== DATA FOR THE TASK ==
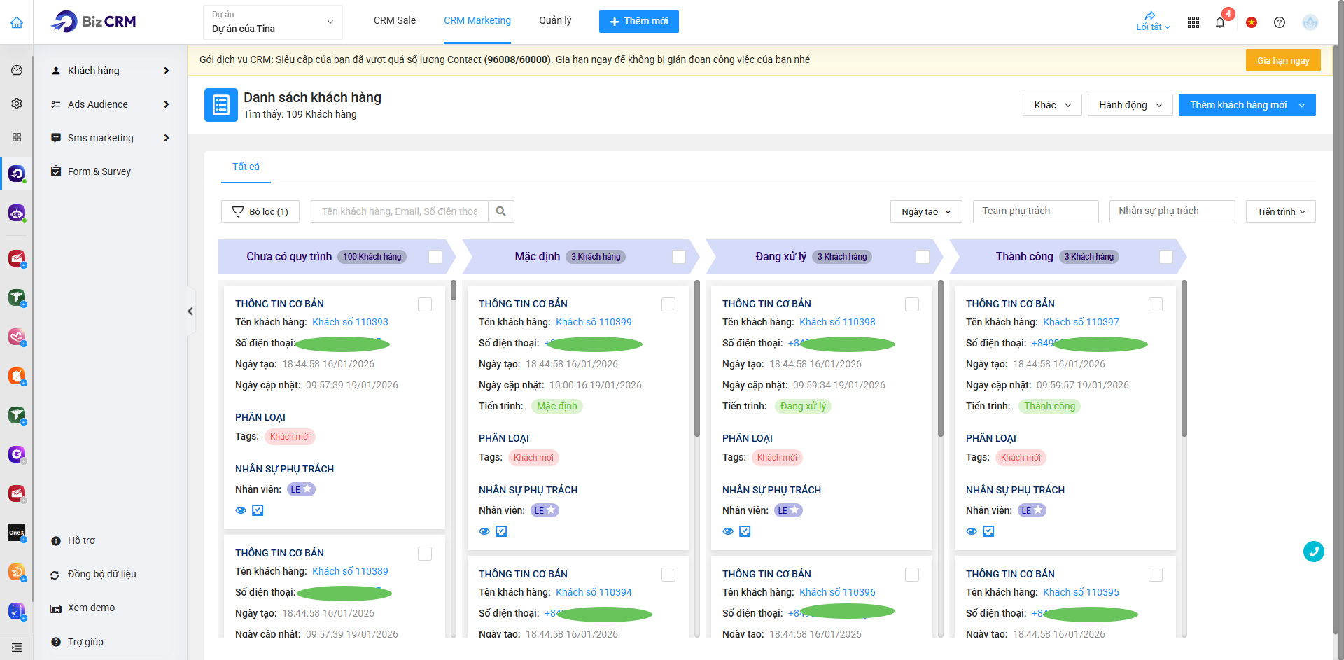 BizCRM hỗ trợ xây dựng phân khúc khách hàng động dựa trên hành vi, lịch sử tương tác và mức độ quan tâm, giúp triển khai nội dung và thông điệp phù hợp cho từng nhóm khách hàng cụ thể.
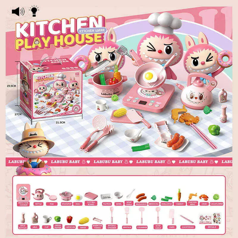 Набір посуду S 20-12 (48) плита, підсвічування, звуки, каструля, пательня, чайник, харчові продукти, дощечка, кухонне приладдя, наліпки, в коробці
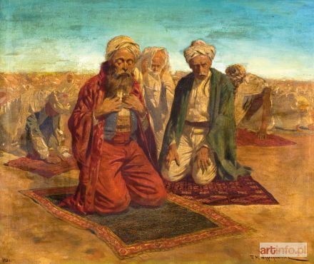 Olej, płótno 62 x 74 cm Sygnowany p.d.: "Modlitwa przed pochodem" | F.M. Wygrzywalski; l.d.: 1931 r.
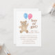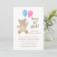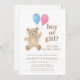 This charming gender reveal invitation is decorated with a watercolor teddy bear and blue and pink balloons. It says "We can bearly wait" in simple typography and is easily customizable.
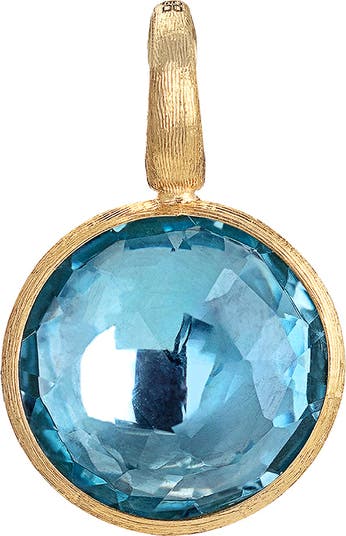 Update your jewelry rotation with this dazzling blue topaz pendant set in regal 18-karat gold with allover etching.
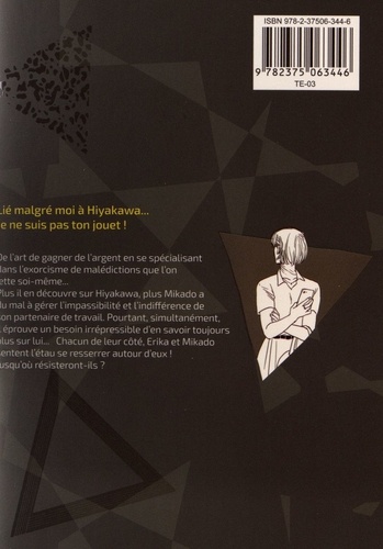 De l'art de gagner de l'argent en se spécialisant dans l'exorcisme de malédictions que l'on jette soi même... Plus il en découvre sur Hiyakawa, plus Mikado a du mal à gérer l'impassibilité et l'indifférence de son partenaire de travail. Pourtant, simultanément, il éprouve un besoin irrépressible d'en savoir toujours plus sur lui... Chacun de leur côté, Erika et Mikado sentent l'étau se resserrer autour d'eux ! Jusqu'où résisteront-ils ?
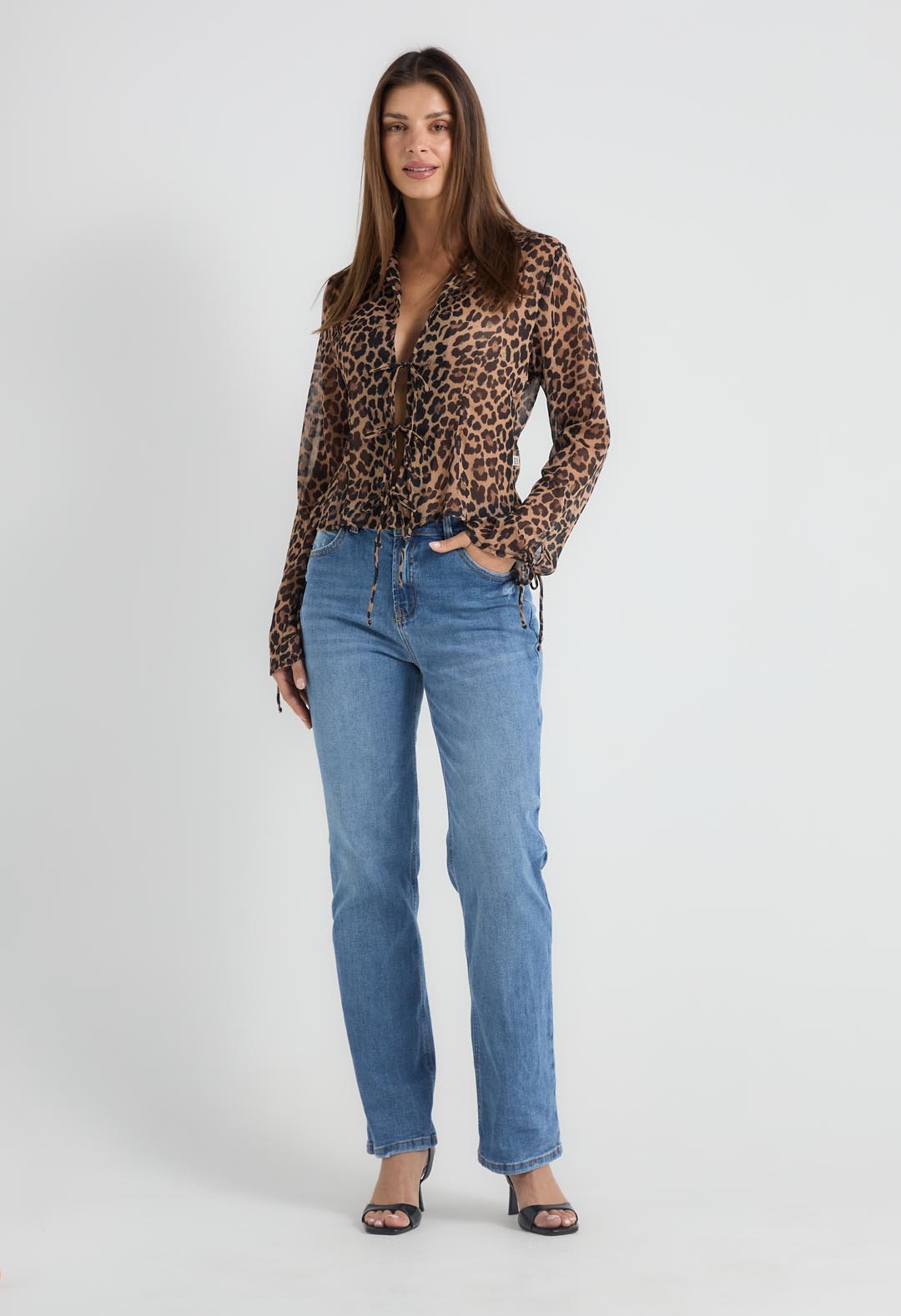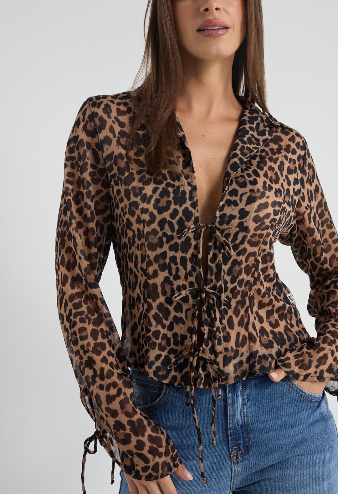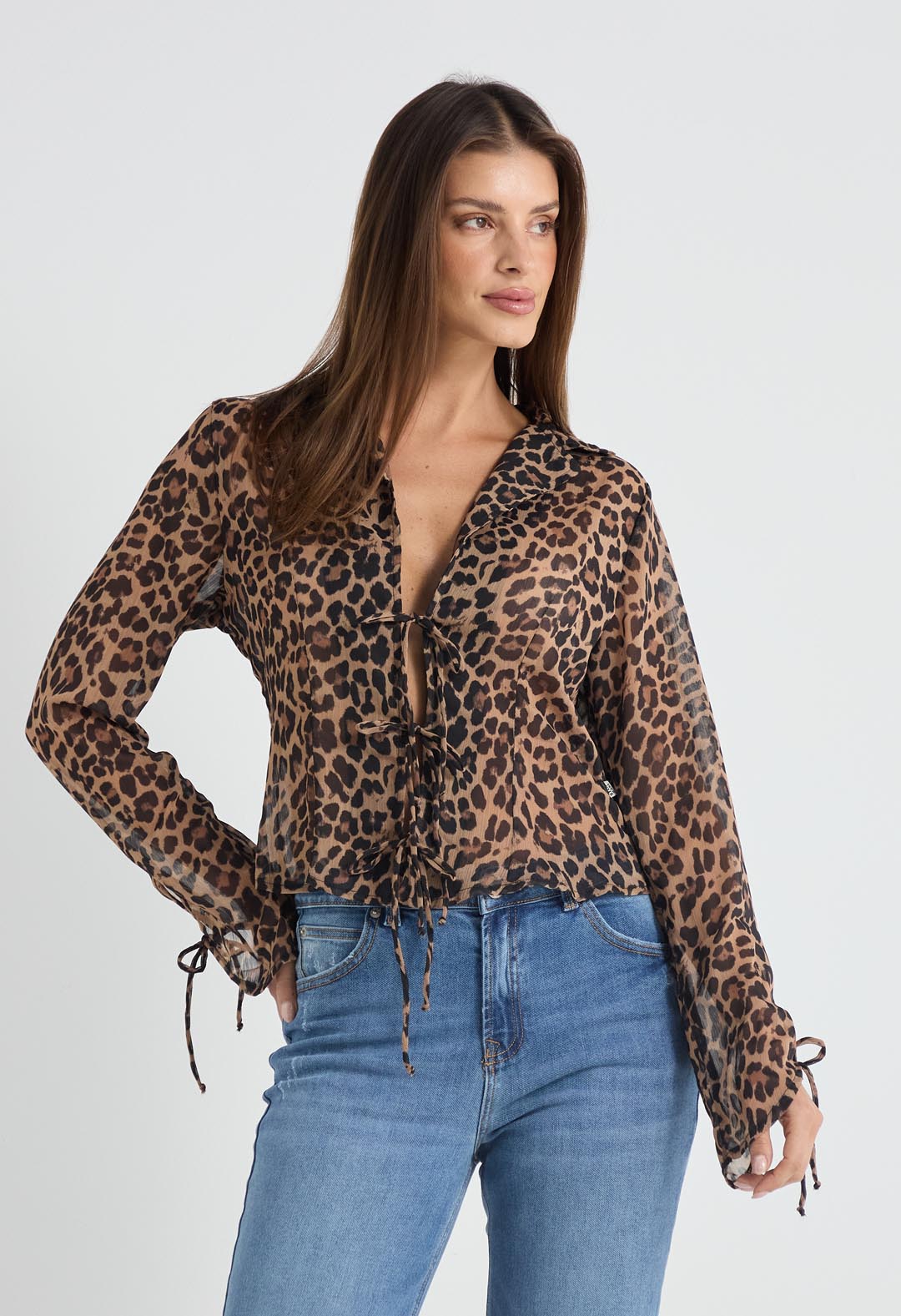 Blusa manga larga, color chocolate, animal print, amarres en frente y escote corazón para mujeres.
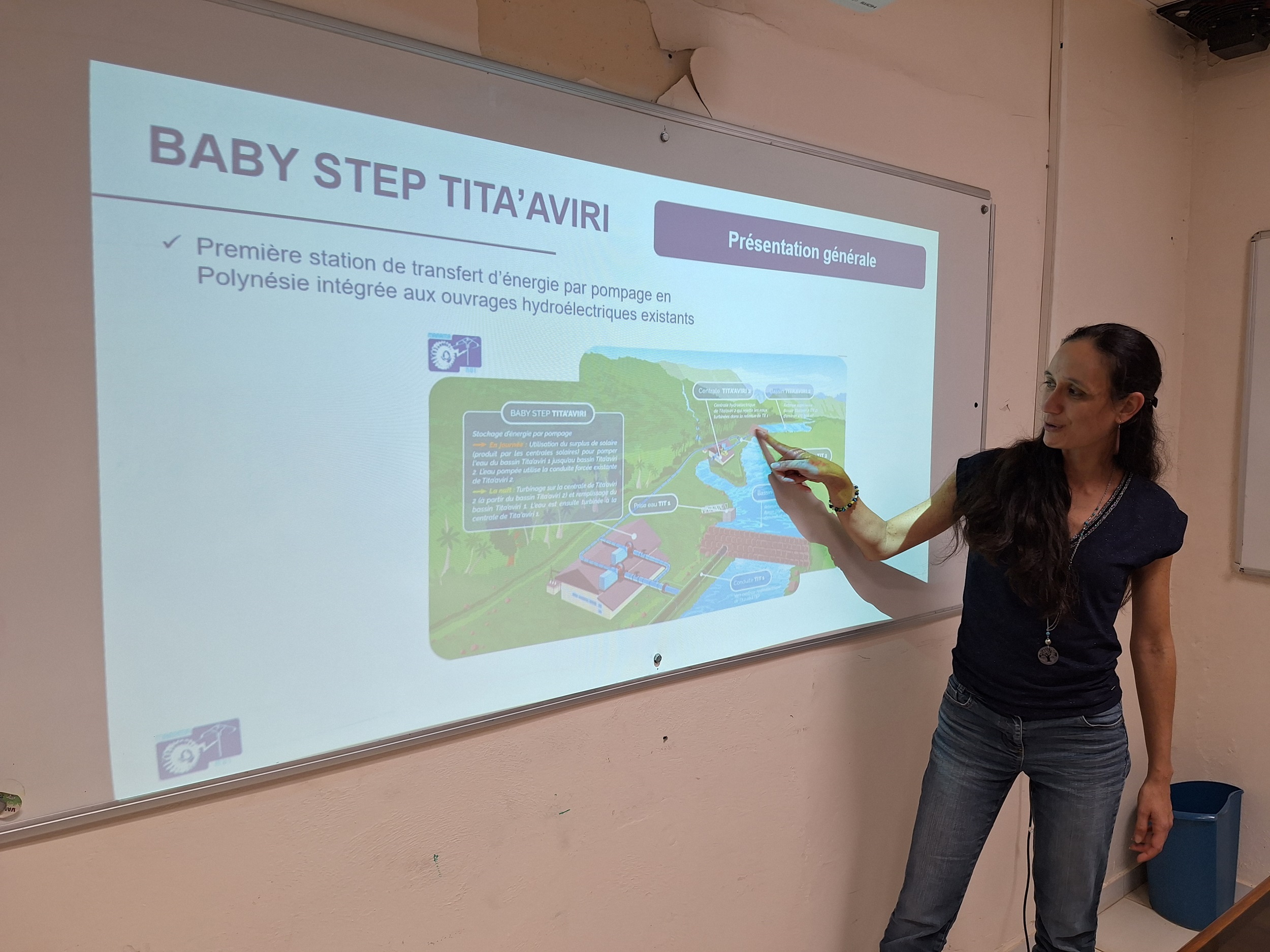 Baptisé “Baby STEP”, ce premier projet endossera le rôle de démonstrateur dans la vallée de Titaaviri, à Papeari, dont les barrages et centrales répartis sur deux niveaux totalisent 11 % de la production de Marama Nui. “On souhaite intégrer la Baby STEP à ces aménagements. En journée, grâce au surplus d’énergie solaire, l’eau est en mode pompage de Titaaviri 1, en bas, vers Titaaviri 2, en haut, pour créer du stockage. La nuit, on n’a plus de surplus solaire, donc on repasse en mode turbinage”, explique Rebecca Wong Fat-Derval, responsable projets hydroélectriques.
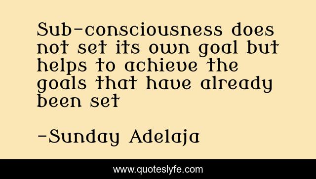 This page presents the quote "Sub-consciousness does not set its own goal but helps to achieve the goals that have already been set". Author of this quote is Sunday Adelaja. This quote is about calling, sub-consciousness, purpose, goal,.
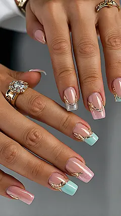 These nails are screaming ‘summer vacation’ louder than your alarm clock on a Monday morning! With that perfect peachy-pink base and those cool mint green and shimmery pink tips, they look ready for any pool party or beach day. But hold up, did you notice those fancy gold details? It’s like someone dipped their fingertips in pure sunshine and then added a little bit of ancient treasure map magic. Trying to do something this intricate yourself would probably end with more gold on your desk than on your nails, which is why we’re totally impressed!
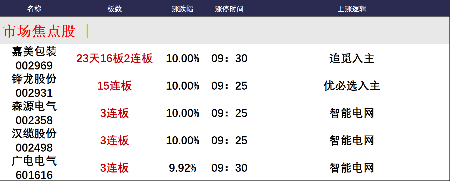 连板方面,除去连续一字涨停晋级15连板的锋龙股份外,市场高度被压缩至3连板。板块方面,电网设备板块延续活跃,汉缆股份、森源电气、广电电气均晋级3连板,新联电子4天3板,不过值得注意的是,板块尾盘跳水,三变科技、中国西电等人气股炸板;化工板块逆势拉升,沧州大化、新乡化纤2连板,维远股份、山东赫达、红宝丽等个股涨停,千亿权重万华化学涨超4%,恒力石化涨超6%。
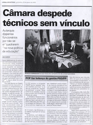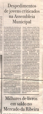 em janeiro de 2003 fui convidado a sair pela mão de santana e sus muchachos, na companhia de mais "trabalhadores independentes" que ocupavam espaço vital precioso, afinal era necessário abrir alas à rapaziada que ciclicamente saltita atrás dos líderes nas noites eleitorais, eu cá tenho pouco jeito para os pulinhos, entre outras cabriolas físicas, e lá fui à vidinha, mantendo sempre algum interesse pelas movimentações deste lúmpen político que vai não volta tenta respirar acima da linha de água. ei-los de volta, às candidaturas, sob a capa do lisboa com sentido. sei bem qual é esse sentido, é único, e na direcção do abismo ou do lugarinho à sombra da bananeira. este meu post, estes recortes de imprensa, que fazem parte da minha vida pessoal e profissional, são o meu contributo para a refrega, a minha oferta aos lisboetas. há palhaçadas que mais vale não repetir, as tortas na cara só costumam ter graça à primeira. ou nem isso.
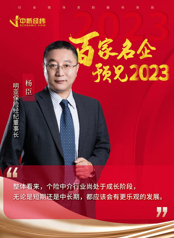北京2023年1月19日 /新闻稿网 - Xinwengao.com/ — 以下为中新经纬文章《百家名企预见2023|明亚保险经纪杨臣:个险中介行业市场份额进一步提升》:
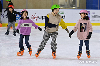 韓国各地に猛暑警報が発令された27日、京畿道水原市の光教複合体育センターのアイスリンクでは、市民がスケートをして暑さを紛らわせていた。
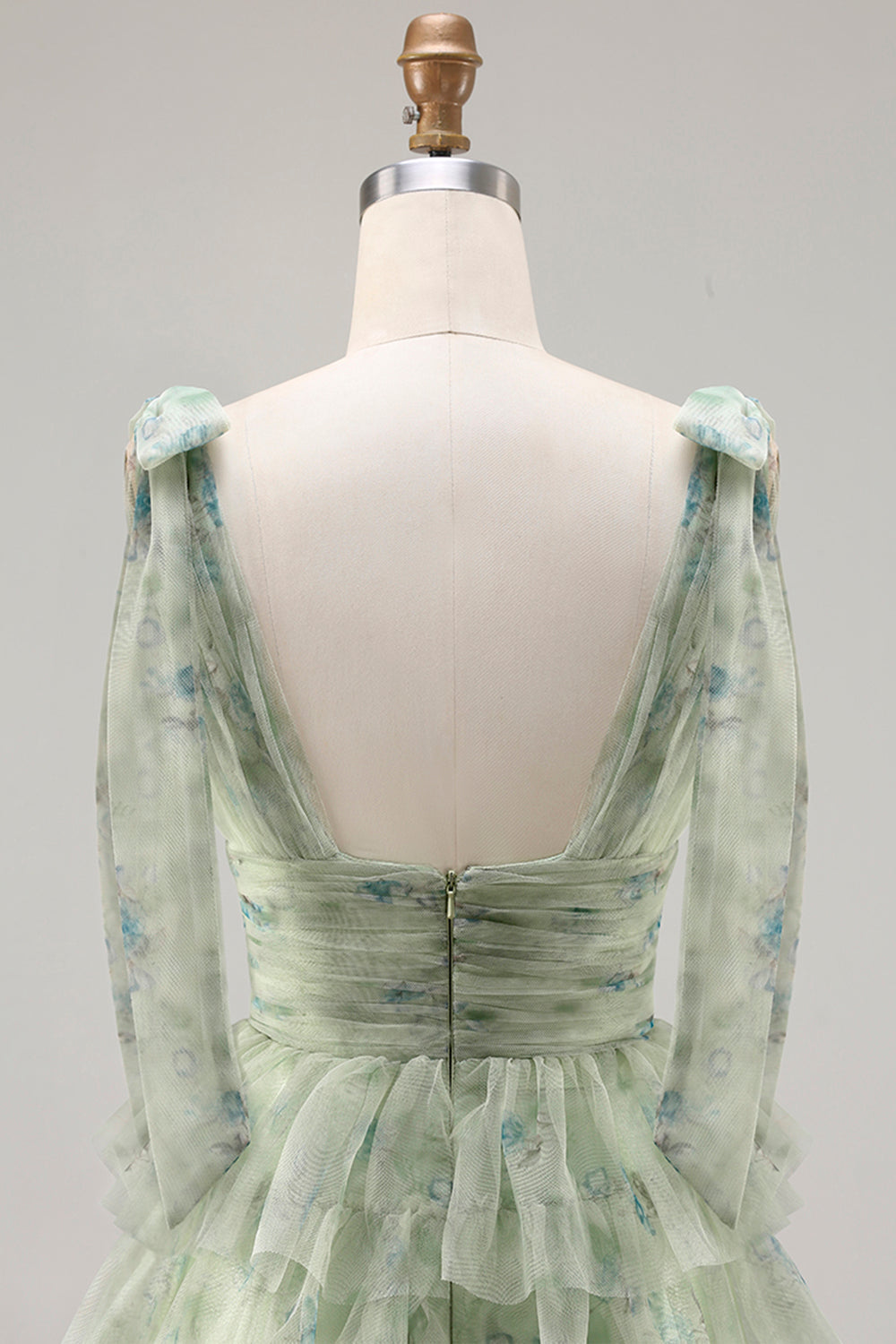 Abito da Cerimonia floreale verde a linee a livelli con lunga fessura
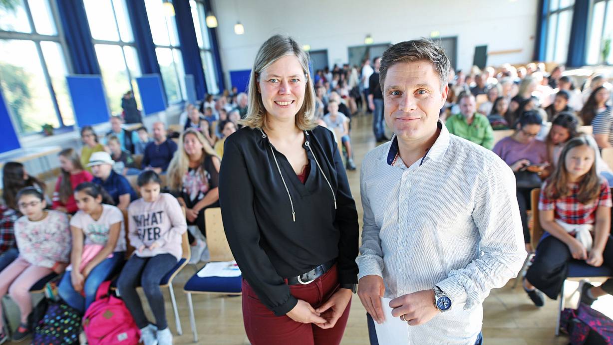 Bauen die neue Sekundarschule Gellershagen auf: Katharina Tweeboom und Stellvertreter Frederik Suchla. Beide kommen von der Gesamtschule Quelle. Bei der Einschulungsfeier wurde es voll - viele Kinder waren mit Eltern und Großeltern gekommen. | © Sarah Jonek
===
EXERCISE GOAL -> Retype the data above exactly, dropping every picture.

OUTPUT FOR THIS TASK ->
 BizCRM hỗ trợ xây dựng phân khúc khách hàng động dựa trên hành vi, lịch sử tương tác và mức độ quan tâm, giúp triển khai nội dung và thông điệp phù hợp cho từng nhóm khách hàng cụ thể.
 Набір посуду S 20-12 (48) плита, підсвічування, звуки, каструля, пательня, чайник, харчові продукти, дощечка, кухонне приладдя, наліпки, в коробці
 Olej, płótno 62 x 74 cm Sygnowany p.d.: "Modlitwa przed pochodem" | F.M. Wygrzywalski; l.d.: 1931 r.
 This charming gender reveal invitation is decorated with a watercolor teddy bear and blue and pink balloons. It says "We can bearly wait" in simple typography and is easily customizable.
 Update your jewelry rotation with this dazzling blue topaz pendant set in regal 18-karat gold with allover etching.
 De l'art de gagner de l'argent en se spécialisant dans l'exorcisme de malédictions que l'on jette soi même... Plus il en découvre sur Hiyakawa, plus Mikado a du mal à gérer l'impassibilité et l'indifférence de son partenaire de travail. Pourtant, simultanément, il éprouve un besoin irrépressible d'en savoir toujours plus sur lui... Chacun de leur côté, Erika et Mikado sentent l'étau se resserrer autour d'eux ! Jusqu'où résisteront-ils ?
 Blusa manga larga, color chocolate, animal print, amarres en frente y escote corazón para mujeres.
 Baptisé “Baby STEP”, ce premier projet endossera le rôle de démonstrateur dans la vallée de Titaaviri, à Papeari, dont les barrages et centrales répartis sur deux niveaux totalisent 11 % de la production de Marama Nui. “On souhaite intégrer la Baby STEP à ces aménagements. En journée, grâce au surplus d’énergie solaire, l’eau est en mode pompage de Titaaviri 1, en bas, vers Titaaviri 2, en haut, pour créer du stockage. La nuit, on n’a plus de surplus solaire, donc on repasse en mode turbinage”, explique Rebecca Wong Fat-Derval, responsable projets hydroélectriques.
 This page presents the quote "Sub-consciousness does not set its own goal but helps to achieve the goals that have already been set". Author of this quote is Sunday Adelaja. This quote is about calling, sub-consciousness, purpose, goal,.
 These nails are screaming ‘summer vacation’ louder than your alarm clock on a Monday morning! With that perfect peachy-pink base and those cool mint green and shimmery pink tips, they look ready for any pool party or beach day. But hold up, did you notice those fancy gold details? It’s like someone dipped their fingertips in pure sunshine and then added a little bit of ancient treasure map magic. Trying to do something this intricate yourself would probably end with more gold on your desk than on your nails, which is why we’re totally impressed!
 连板方面,除去连续一字涨停晋级15连板的锋龙股份外,市场高度被压缩至3连板。板块方面,电网设备板块延续活跃,汉缆股份、森源电气、广电电气均晋级3连板,新联电子4天3板,不过值得注意的是,板块尾盘跳水,三变科技、中国西电等人气股炸板;化工板块逆势拉升,沧州大化、新乡化纤2连板,维远股份、山东赫达、红宝丽等个股涨停,千亿权重万华化学涨超4%,恒力石化涨超6%。
 em janeiro de 2003 fui convidado a sair pela mão de santana e sus muchachos, na companhia de mais "trabalhadores independentes" que ocupavam espaço vital precioso, afinal era necessário abrir alas à rapaziada que ciclicamente saltita atrás dos líderes nas noites eleitorais, eu cá tenho pouco jeito para os pulinhos, entre outras cabriolas físicas, e lá fui à vidinha, mantendo sempre algum interesse pelas movimentações deste lúmpen político que vai não volta tenta respirar acima da linha de água. ei-los de volta, às candidaturas, sob a capa do lisboa com sentido. sei bem qual é esse sentido, é único, e na direcção do abismo ou do lugarinho à sombra da bananeira. este meu post, estes recortes de imprensa, que fazem parte da minha vida pessoal e profissional, são o meu contributo para a refrega, a minha oferta aos lisboetas. há palhaçadas que mais vale não repetir, as tortas na cara só costumam ter graça à primeira. ou nem isso.
北京2023年1月19日 /新闻稿网 - Xinwengao.com/ — 以下为中新经纬文章《百家名企预见2023|明亚保险经纪杨臣:个险中介行业市场份额进一步提升》:
 韓国各地に猛暑警報が発令された27日、京畿道水原市の光教複合体育センターのアイスリンクでは、市民がスケートをして暑さを紛らわせていた。
 Abito da Cerimonia floreale verde a linee a livelli con lunga fessura
 Bauen die neue Sekundarschule Gellershagen auf: Katharina Tweeboom und Stellvertreter Frederik Suchla. Beide kommen von der Gesamtschule Quelle. Bei der Einschulungsfeier wurde es voll - viele Kinder waren mit Eltern und Großeltern gekommen. | © Sarah Jonek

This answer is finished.